Leaving out all pictures, return exactly the lines from the one that contains "应用范围: 产品描述 Lexan" through the end of the data below.

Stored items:
________

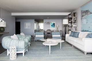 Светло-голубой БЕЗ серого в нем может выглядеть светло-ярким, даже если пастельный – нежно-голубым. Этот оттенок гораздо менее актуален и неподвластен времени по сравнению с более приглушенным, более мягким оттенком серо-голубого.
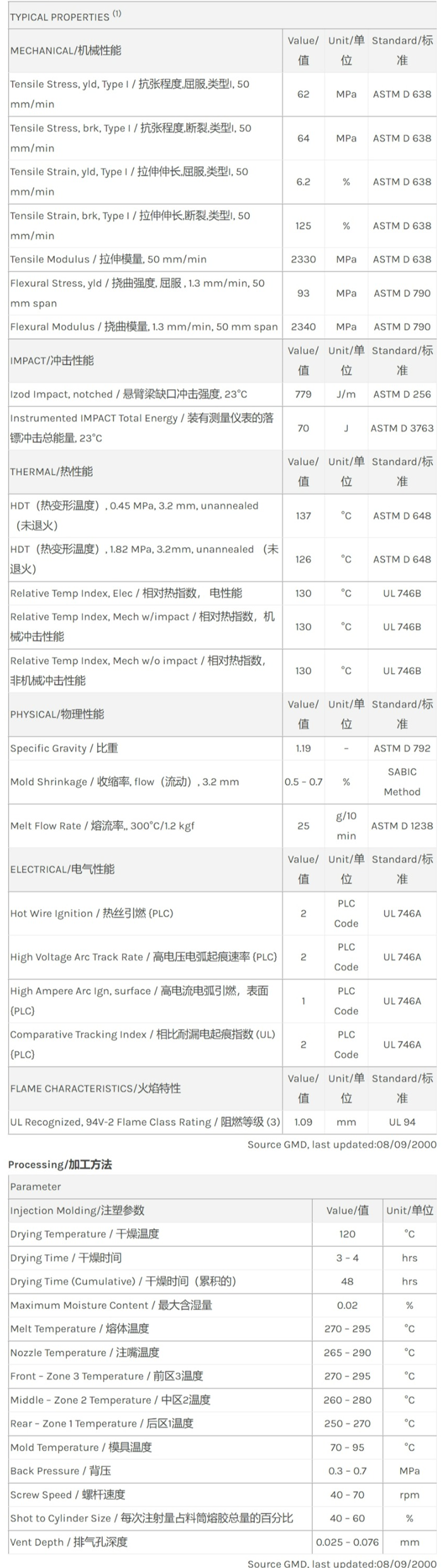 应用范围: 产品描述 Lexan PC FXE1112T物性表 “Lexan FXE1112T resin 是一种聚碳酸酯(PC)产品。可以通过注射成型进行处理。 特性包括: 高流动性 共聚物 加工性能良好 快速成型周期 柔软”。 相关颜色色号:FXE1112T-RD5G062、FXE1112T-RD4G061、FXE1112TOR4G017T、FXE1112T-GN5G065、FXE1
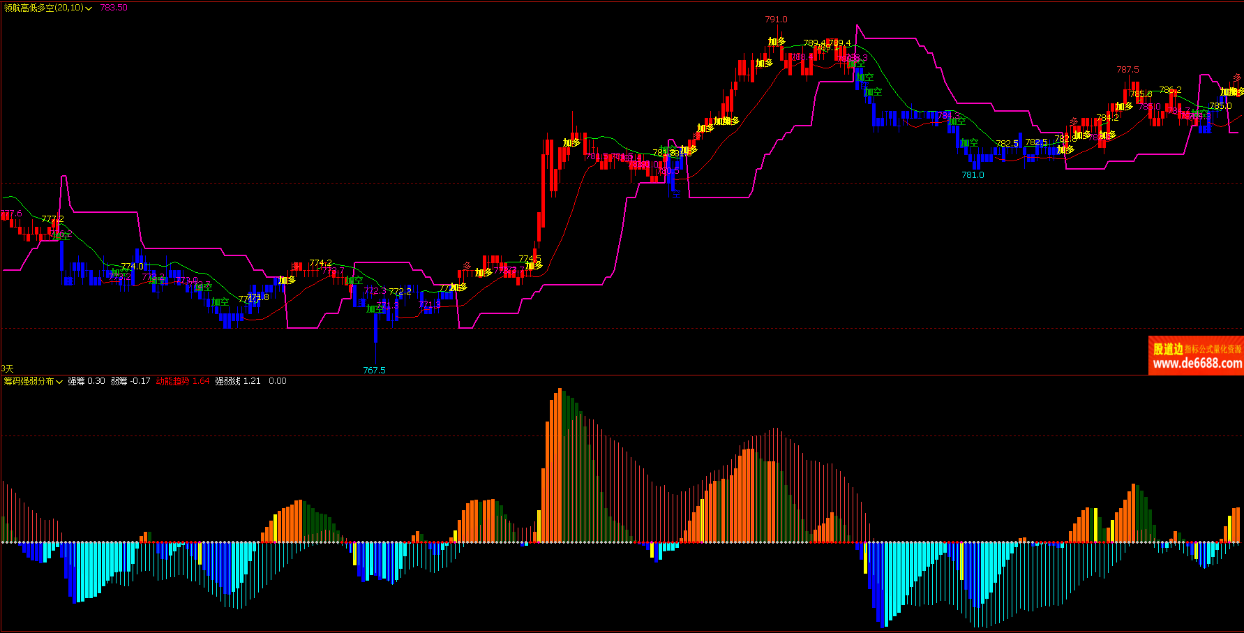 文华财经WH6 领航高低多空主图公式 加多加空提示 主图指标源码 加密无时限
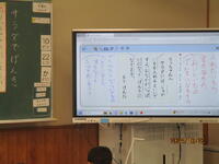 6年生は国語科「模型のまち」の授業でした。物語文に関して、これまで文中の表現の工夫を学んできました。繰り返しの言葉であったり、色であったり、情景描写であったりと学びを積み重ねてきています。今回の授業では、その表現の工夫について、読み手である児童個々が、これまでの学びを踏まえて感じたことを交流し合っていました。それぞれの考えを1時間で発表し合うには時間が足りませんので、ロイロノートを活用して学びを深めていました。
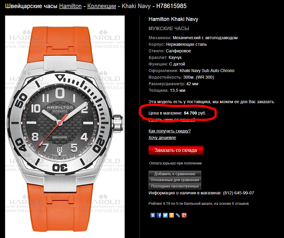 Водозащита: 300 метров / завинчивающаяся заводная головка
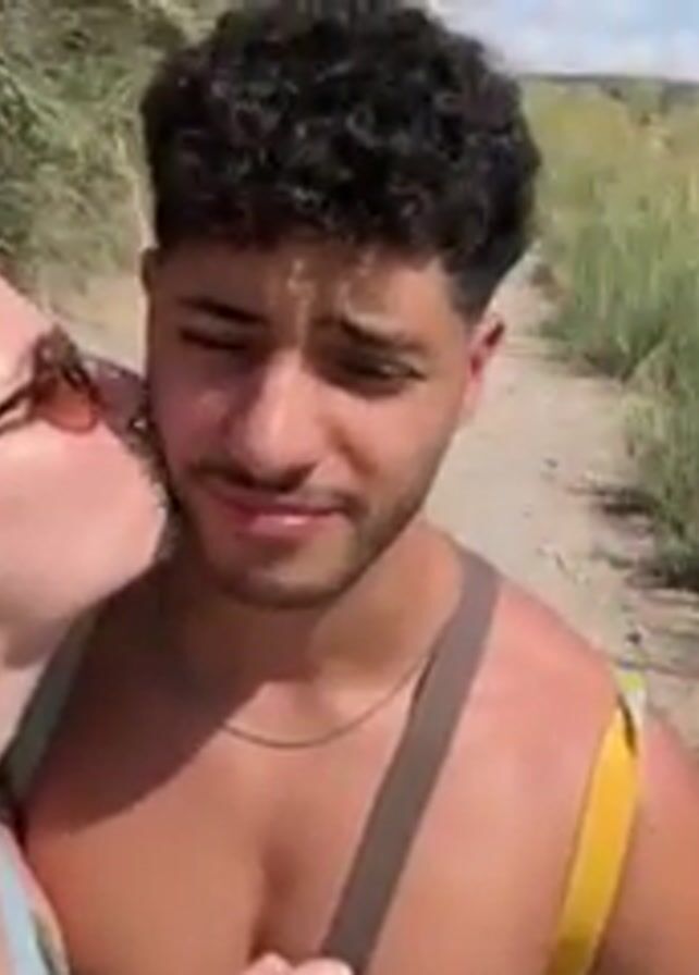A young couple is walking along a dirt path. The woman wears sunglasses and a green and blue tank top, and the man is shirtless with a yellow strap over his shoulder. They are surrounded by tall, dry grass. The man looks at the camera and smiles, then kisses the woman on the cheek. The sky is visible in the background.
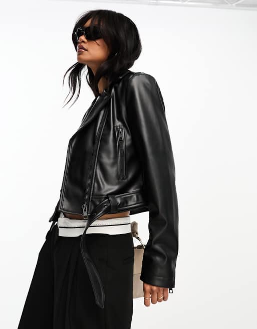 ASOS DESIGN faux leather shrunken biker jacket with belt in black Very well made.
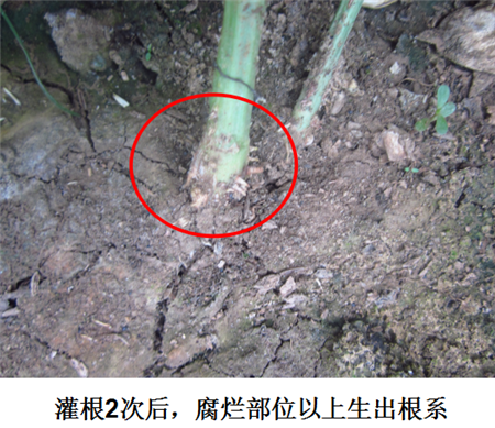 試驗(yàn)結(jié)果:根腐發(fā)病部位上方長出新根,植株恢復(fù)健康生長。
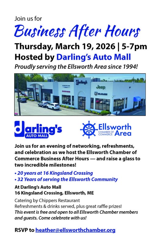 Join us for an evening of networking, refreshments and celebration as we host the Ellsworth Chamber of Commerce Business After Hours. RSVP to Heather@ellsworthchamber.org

________

**FINISHED TASK**
 应用范围: 产品描述 Lexan PC FXE1112T物性表 “Lexan FXE1112T resin 是一种聚碳酸酯(PC)产品。可以通过注射成型进行处理。 特性包括: 高流动性 共聚物 加工性能良好 快速成型周期 柔软”。 相关颜色色号:FXE1112T-RD5G062、FXE1112T-RD4G061、FXE1112TOR4G017T、FXE1112T-GN5G065、FXE1
 文华财经WH6 领航高低多空主图公式 加多加空提示 主图指标源码 加密无时限
 6年生は国語科「模型のまち」の授業でした。物語文に関して、これまで文中の表現の工夫を学んできました。繰り返しの言葉であったり、色であったり、情景描写であったりと学びを積み重ねてきています。今回の授業では、その表現の工夫について、読み手である児童個々が、これまでの学びを踏まえて感じたことを交流し合っていました。それぞれの考えを1時間で発表し合うには時間が足りませんので、ロイロノートを活用して学びを深めていました。
 Водозащита: 300 метров / завинчивающаяся заводная головка
A young couple is walking along a dirt path. The woman wears sunglasses and a green and blue tank top, and the man is shirtless with a yellow strap over his shoulder. They are surrounded by tall, dry grass. The man looks at the camera and smiles, then kisses the woman on the cheek. The sky is visible in the background.
 ASOS DESIGN faux leather shrunken biker jacket with belt in black Very well made.
 試驗(yàn)結(jié)果:根腐發(fā)病部位上方長出新根,植株恢復(fù)健康生長。
 Join us for an evening of networking, refreshments and celebration as we host the Ellsworth Chamber of Commerce Business After Hours. RSVP to Heather@ellsworthchamber.org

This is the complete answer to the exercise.